Yes, I am sure that by applying RSIs, MACDs, Momentums, stochastics, CCIs, and many more indicators, we will have a lot of trading opportunities.

But honestly, I think it’s easy to understand that we’re not going to get very far like that.

Market noise in Forex day trading

We can see this issue in the Forex market, where the market noise is even worse, at least in the longer term.


Because the long-term Forex trends are more erratic, and many of the big pairs like the EURUSD, quote as if it were “market noise” if we look at decades.

Worse is when we get into the Forex day trading, where we even have the dramatic effect of the macroeconomic news.

Sell when overbought
buy when oversold
easy, right?

For example, here we can see the last day of the EURUSD, with 15-minute candles and with a totally erratic market that went up and down and went back up and down again later.

Some will say: no problem.
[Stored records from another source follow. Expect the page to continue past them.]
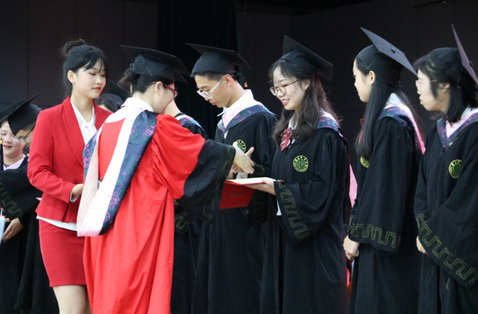 随后,傅建安经理为18名员工联络员颁发聘书,九位导师为360余名毕业生代表拨转流苏,颁发学位证、授予学位。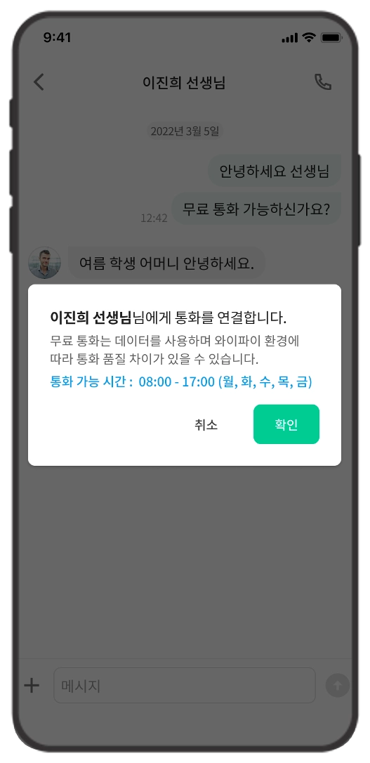 통화 아이콘을 누르면 위와 같이 확인한 후 통화를 연결합니다. 통화 가능 시간은 선생님의 통화 가능 시간을 의미합니다.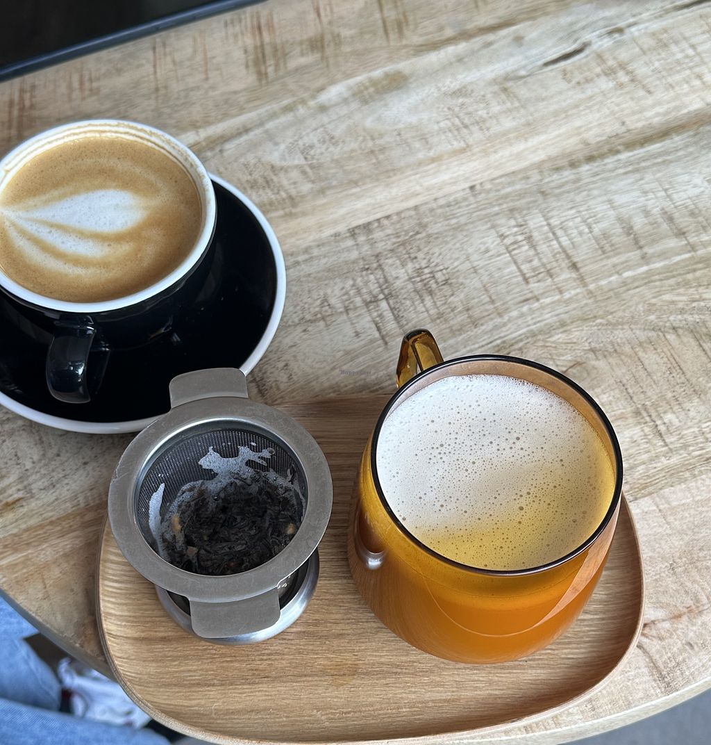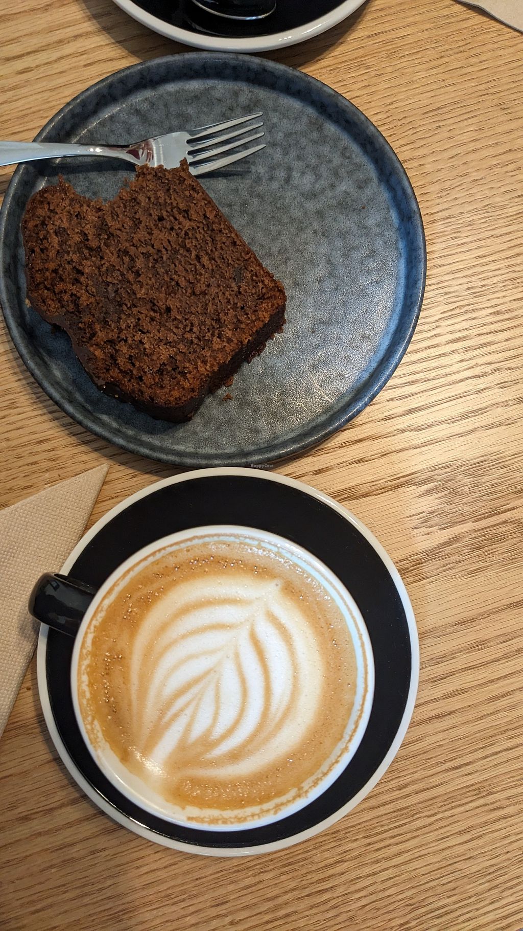 Lovely cafe with a cozy vibe. The day I was there all the cakes were vegan. I had a lovely carrot cake with a great frosting. Oat milk is available too.

Here what you have to do is look for some indicator that makes me buy when it is oversold and another that makes me buy when it is overbought.


Good luck with that.

So what you are doing is trading range and, therefore, not following the trend but betting against it.

Some will believe that that is the key after all.
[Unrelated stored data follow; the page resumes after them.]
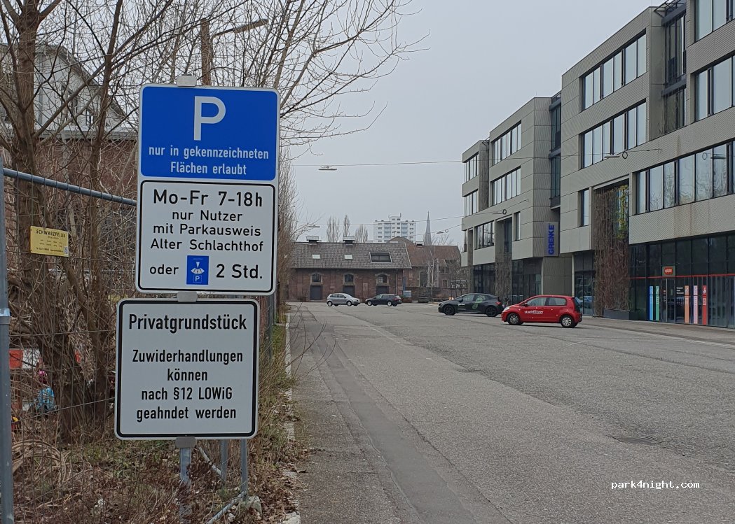 We parked on a side street in the old slaughterhouse on New Year's Eve because it was Tuesday. Perfect for attending an event at the fairground and perfect for sightseeing in the city. The tram stop is about 100m away.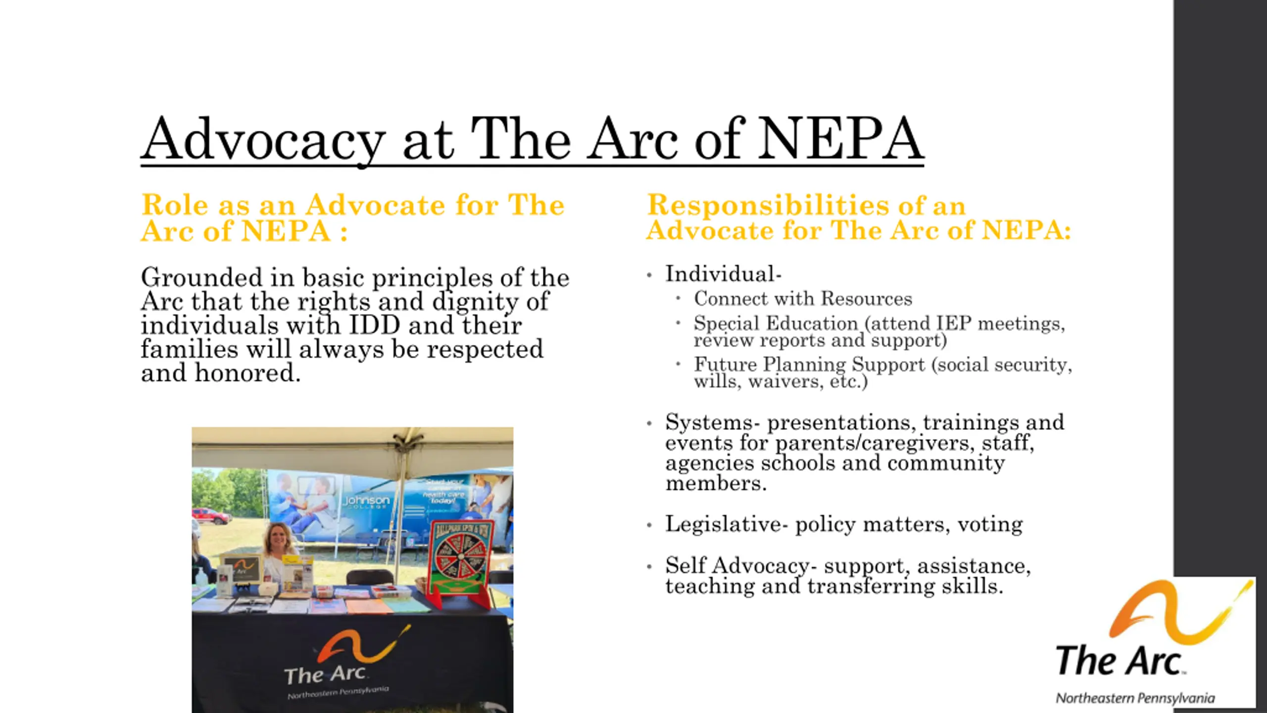 Advocacy at The Arc of NEPA Role as an Advocate for The Arc of NEPA : Grounded in basic principles of the Arc that the rights and dignity of individuals with IDD and their families will always be respected and honored. Responsibilities of an Advocate for The Arc of NEPA: Individual- Connect with Resources Special Education (attend IEP meetings, review reports and support) Future Planning Support (social security, wills, waivers, etc.) Systems- presentations, trainings and events for parents/caregivers, staff, agencies schools and community members. Legislative- policy matters, voting Self Advocacy- support, assistance, teaching and transferring skills.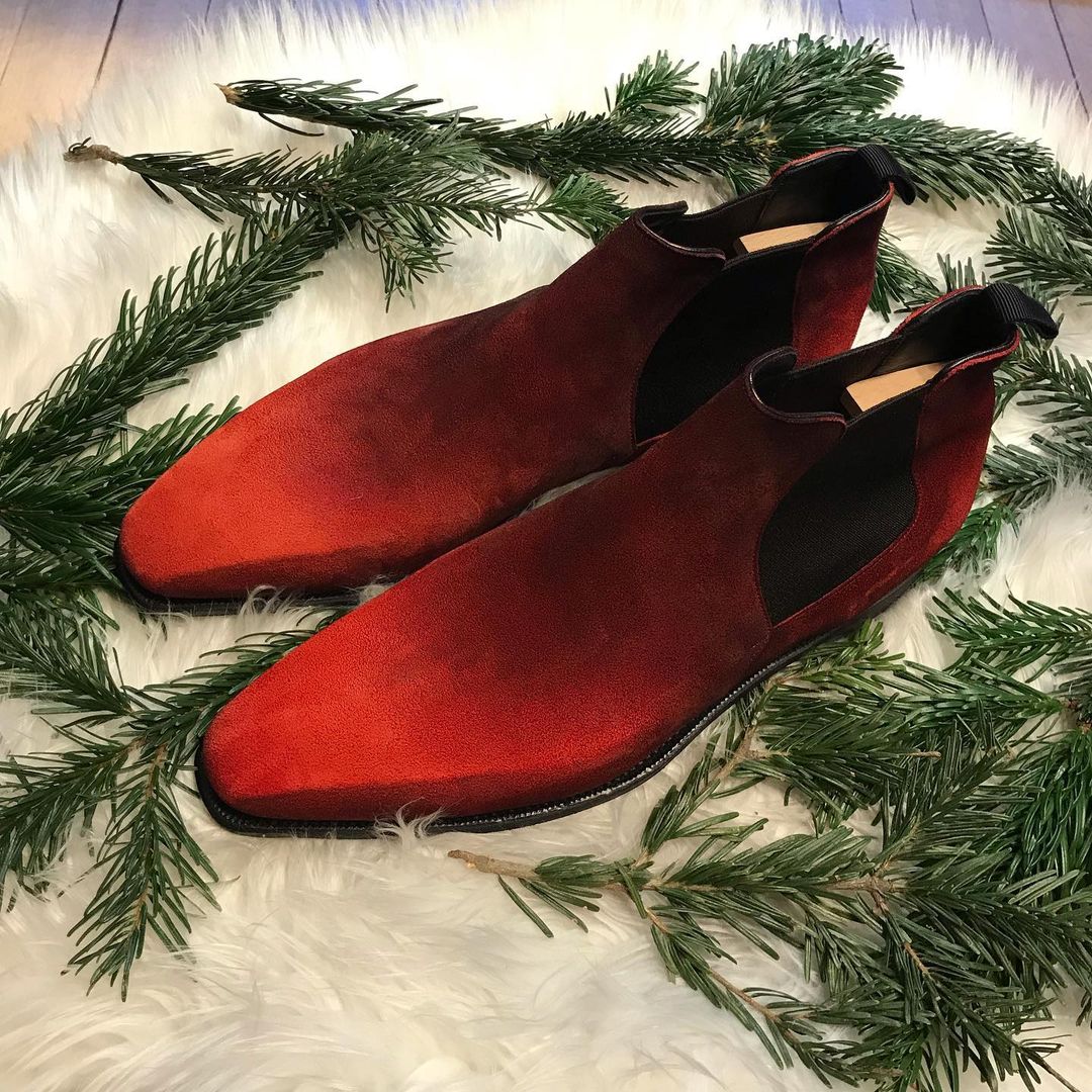 Inner: Soft Sole: Leather Gender : Male Heel: Leather Color: Red Style: Chelsea Boot Totally Hand stitched Manufacturing time 7-10 business days If you can’t find your Size/Color just send us message we will make for you.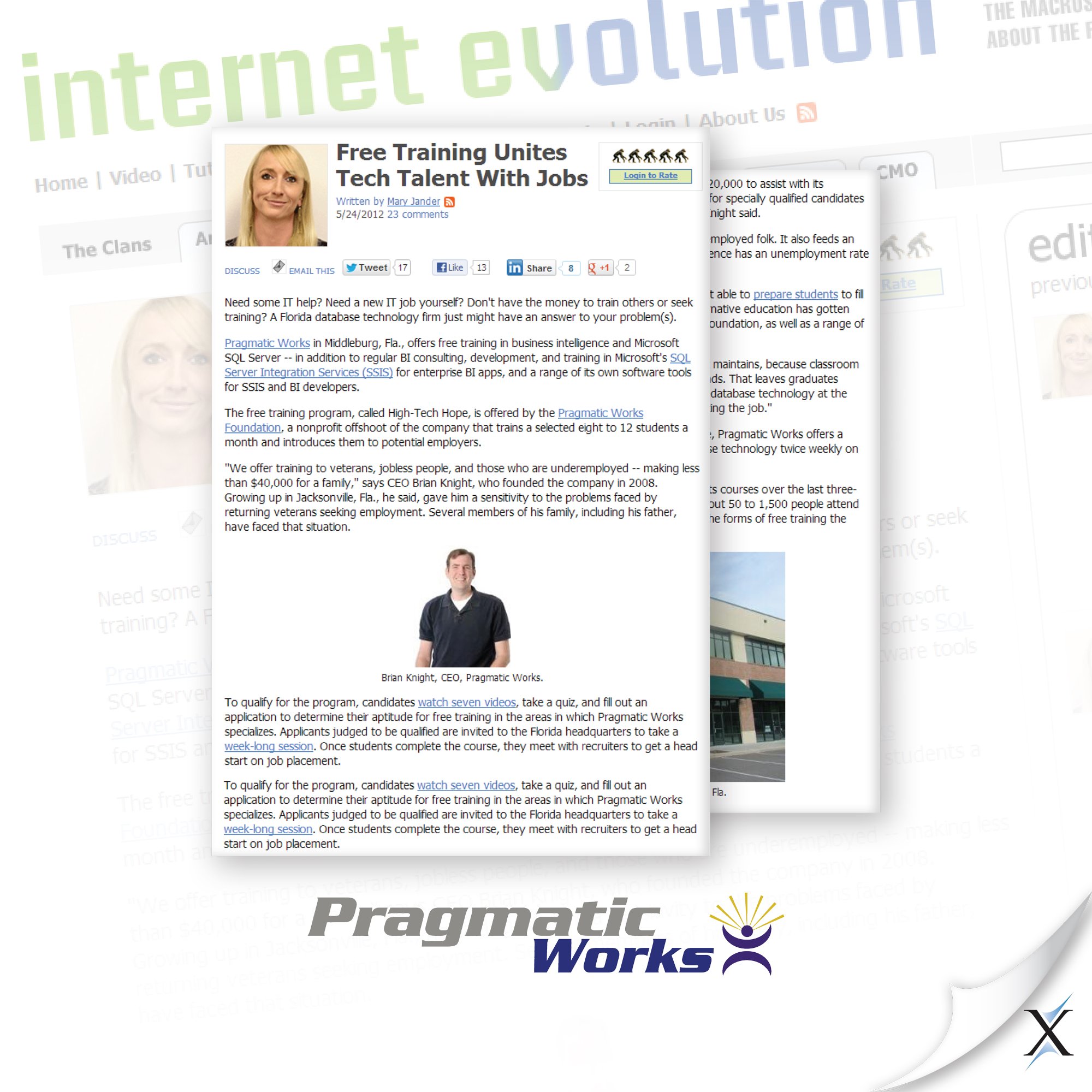 Pragmatic Works began its relationship with Axia Public Relations as a company wanting to boost community and industry awareness of its corporate social responsibility program; a free one week IT training program for veterans and unemployed/underemployed individuals without previous IT employment experience known as the Pragmatic Works Foundation. Axia, recognizing the visibility potential of this campaign, re-branded the program as High Tech Hope (HTH) and leveraged CEO Brian Knight's tremendous talent as a skilled spokesperson in accomplishing this task.

Sometime later, when the EURUSD has 10 or 20 days almost continuously falling or rising strongly, they will see how their accounts are totally destroyed.

In Forex, in addition, there is another phenomenon, as in all markets, and is that as we can see, not all times of the day offer the same market movements.

If we use a volatility meter such as the ATR indicator, we can see how large movements follow a cyclical pattern in such a way that, for example, in the EURUSD, those stronger movements tend to occur from the opening of the European market to the close of the same, from 4 to 5 in the afternoon.

That can lead us to think that then the rest of the day what we have is noise and it is better to avoid operating there.

I thought that on a lot of occasions too, thinking that this was where I had to operate.

The problem of “there” in the Forex is that we are talking about news trading and that is something that you should not think is going to make you rich.

If not, try demo accounts or microlots and you’ll see what happens to you.

But not only happens in Forex, also in stocks, where, for example, the opening of New York and the closing of the day are the moments where that market moves the most.

Also, in the same way, you can think that then the first hours of opening of Wall Street are the best to operate the future of the SP500.

I do not say no.

It is when more movement occurs.

But the fact that this is so does not mean that most of that movement is noise.

You understand?

The noise, in the intraday, occurs whether it is in the quiet moment or if it is at the moment of news or opening, just when the majority operates, with movements that seem like a crazy house.

Yes, sometimes I get the feeling that the Stock Exchange is a crazy house, especially in these day trading markets.

What’s more, I tell you one thing.

Do you know where the moment with less noise in the Wall Street stock markets occurs?

At night, when the market is closed.

But how is that possible?

Well, anyone who has been operating for many years and seeing the markets knows that the stock market has a holding to rise at night; a quiet climb, of course, but not for worse quality.

The problem with that rise, obviously, is that we cannot operate it with day trading.

It’s what they call “Wall Street likes the day, but loves the night”.

Curious, at least.

How to avoid market noise?

I’m telling you, if you’re doing day trading, really complicated.

We can try to apply filters to only operate certain days, but still things are not easy.

The best way, in reality, is to apply trading that goes beyond day trading, obviously.